Lo que se percibe, es una sensación de confianza, incluso de algarabía, que no deja de representar un contraste, cuando se trata del primer candidato no militante en la historia de este partido.
Sin embargo para el PRI y su régimen, lo único que importa es conservar el poder, con todo y que esto haya obligado a romper uno de sus dogmas más preciados.
El sacrificio priista se enmarca en la competitividad de Meade, el único de su entorno, pero no de su pertenencia, que posee las cualidades para cambiar el rostro de un partido en bancarrota.
El asunto es que lo que nadie se ha cuestionado, y eso debió ser el primer punto de la discusión, es ¿Cómo será un eventual gobierno del PRI, sin un priista al frente del mismo?
Porque la situación personal, profesional e ideológica de Meade, no se parece en nada al antecedente más cercano, representado por Ernesto Zedillo, el menos priista de sus presidentes.
Una administración encabezada por José Antonio Meade, tendría que ser por definición, escasa si no es que nulamente partidista, fundamentalmente enfocada al espectro profesional del ejercicio gubernamental.
Esto por supuesto implicaría una separación tacita del poder oficial con su partido en muy diversos aspectos, salvo en la relación necesaria con sus grupos parlamentarios.
Lo que no significa por descontado que siendo presidente, Meade renunciara al privilegio de la facultad de convertirse en el jefe máximo del Instituto político.
Evidentemente el elemento más trascendente de esta suerte de divorcio, antes llamado sana distancia, se relaciona con la corrupción y la impunidad, porque Meade por concepto y convencimiento, como lo ha demostrado a lo largo de su amplia y brillante carrera pública, no permitiría, ni toleraría estos comportamientos.
Eso se tendría que notar desde el momento mismo de escoger y nombrar a sus colaboradores, que naturalmente no serán los miembros tradicionales del establishment.

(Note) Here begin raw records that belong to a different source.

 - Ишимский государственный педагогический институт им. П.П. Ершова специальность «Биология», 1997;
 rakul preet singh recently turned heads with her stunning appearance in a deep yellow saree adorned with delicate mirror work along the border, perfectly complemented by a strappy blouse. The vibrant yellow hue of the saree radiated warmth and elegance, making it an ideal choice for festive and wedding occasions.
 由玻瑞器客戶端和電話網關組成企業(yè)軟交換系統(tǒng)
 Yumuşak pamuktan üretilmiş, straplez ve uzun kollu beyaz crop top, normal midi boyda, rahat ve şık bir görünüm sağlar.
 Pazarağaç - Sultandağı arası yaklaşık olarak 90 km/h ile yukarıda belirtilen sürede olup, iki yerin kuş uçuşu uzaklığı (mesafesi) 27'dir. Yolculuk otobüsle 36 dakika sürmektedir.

Lo que impondría una profunda transformación en el manejo de los acuerdos y los equilibrios tradicionales, sobre todo en lo que se refiera a la subsecuente designación de candidatos a cargos de elección popular.

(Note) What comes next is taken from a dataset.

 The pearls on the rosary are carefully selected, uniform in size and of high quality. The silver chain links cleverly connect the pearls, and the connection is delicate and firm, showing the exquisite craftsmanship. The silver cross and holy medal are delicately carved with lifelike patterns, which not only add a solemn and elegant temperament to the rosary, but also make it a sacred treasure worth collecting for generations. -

Desde este punto de observación teórico, pero no por ello menos real, Meade podría convertirse en el mayor transformador de la vida interna del PRI, sin siquiera haber sido parte de sus filas y terminar siendo su Tlatoani por causas circunstanciales.
El nuevo paradigma priista depende pues de una coyuntura extraordinaria, mantener el poder a cambio de una evolución dirigida por un elemento externo, cuyo principal objetivo, será el de desechar las prácticas negativas que el partido ha sostenido a lo largo de tantas décadas.

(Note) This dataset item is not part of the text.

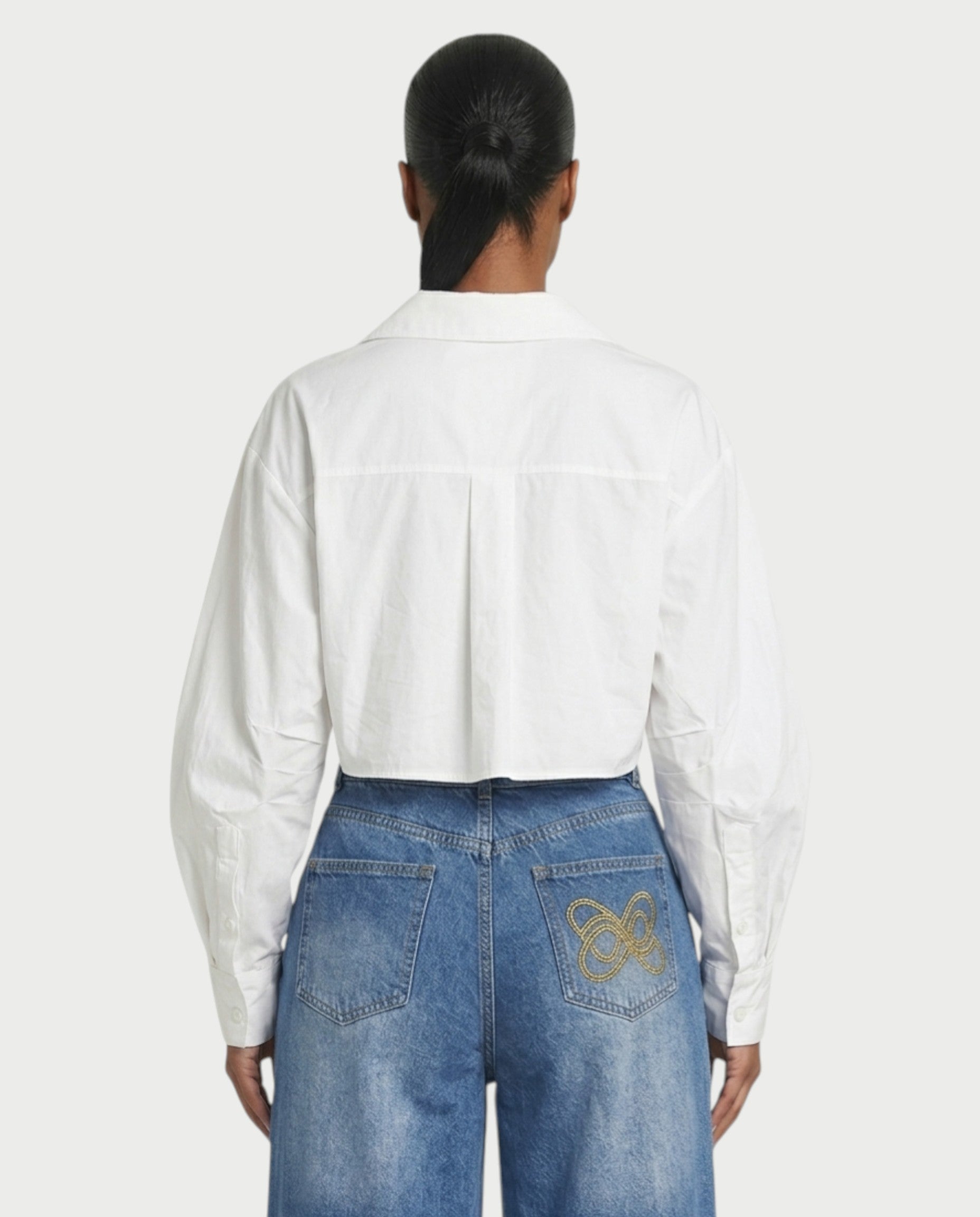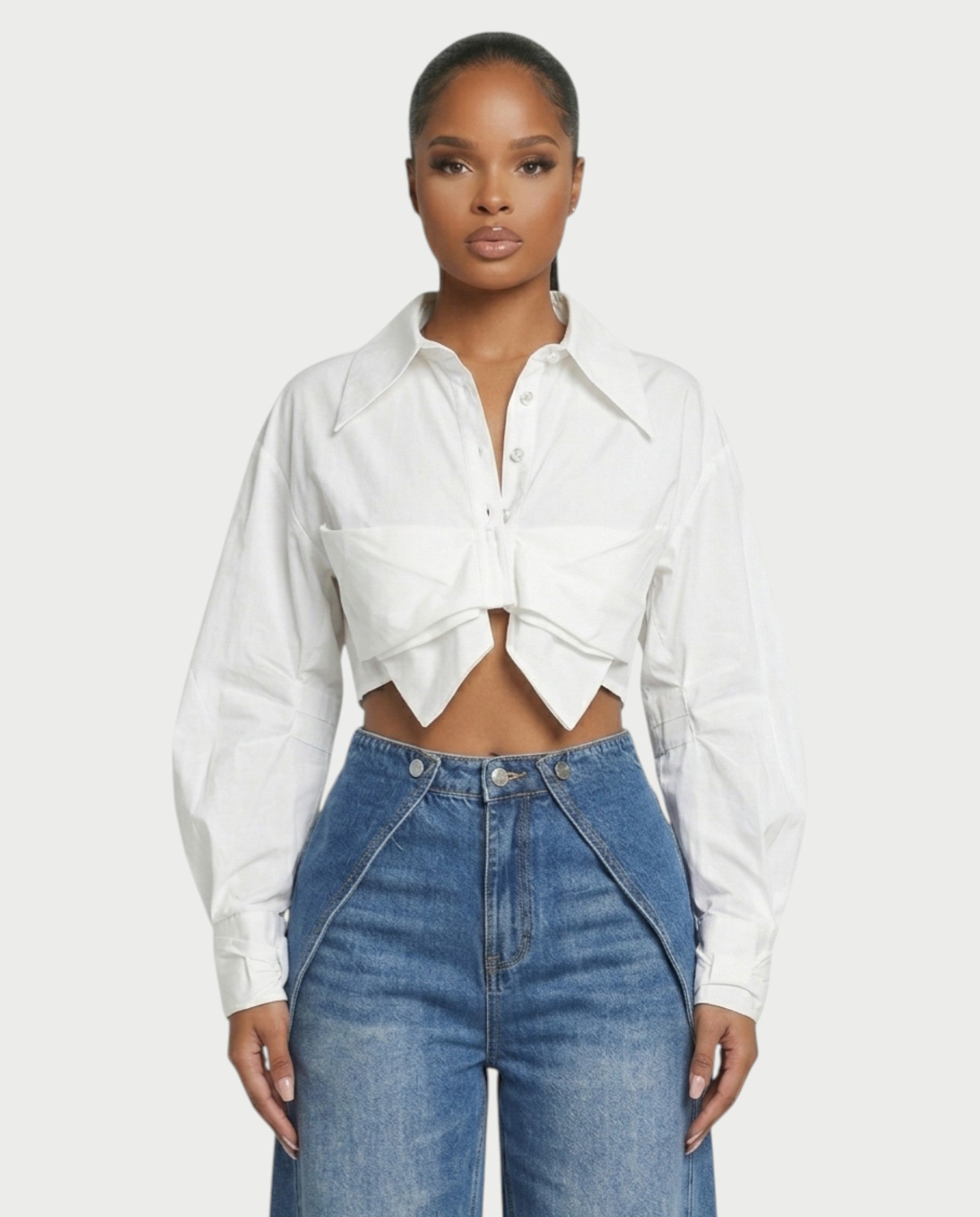 The Orly top features a sharp collar and structured long sleeves, finished with a sculpted front that folds into a striking twist detail. The cropped length highlights the waist while the tailored shape keeps the look clean and elevated. A modern take on a classic button-up with an unexpected edge.

Una remodelación de fondo y de forma, que ni el despistado Secretario de Relaciones Exteriores, Luis Videgaray, en su torpe pre destape pudo imaginar cuando comparó a Meade con Plutarco Elías Calles.
Digamos que lo que Videgaray no alcanzó a dimensionar, pero que terminó por volverlo una casualidad, es que Calles fundó el PRI y que muy probablemente Meade acabe por ser su refundador.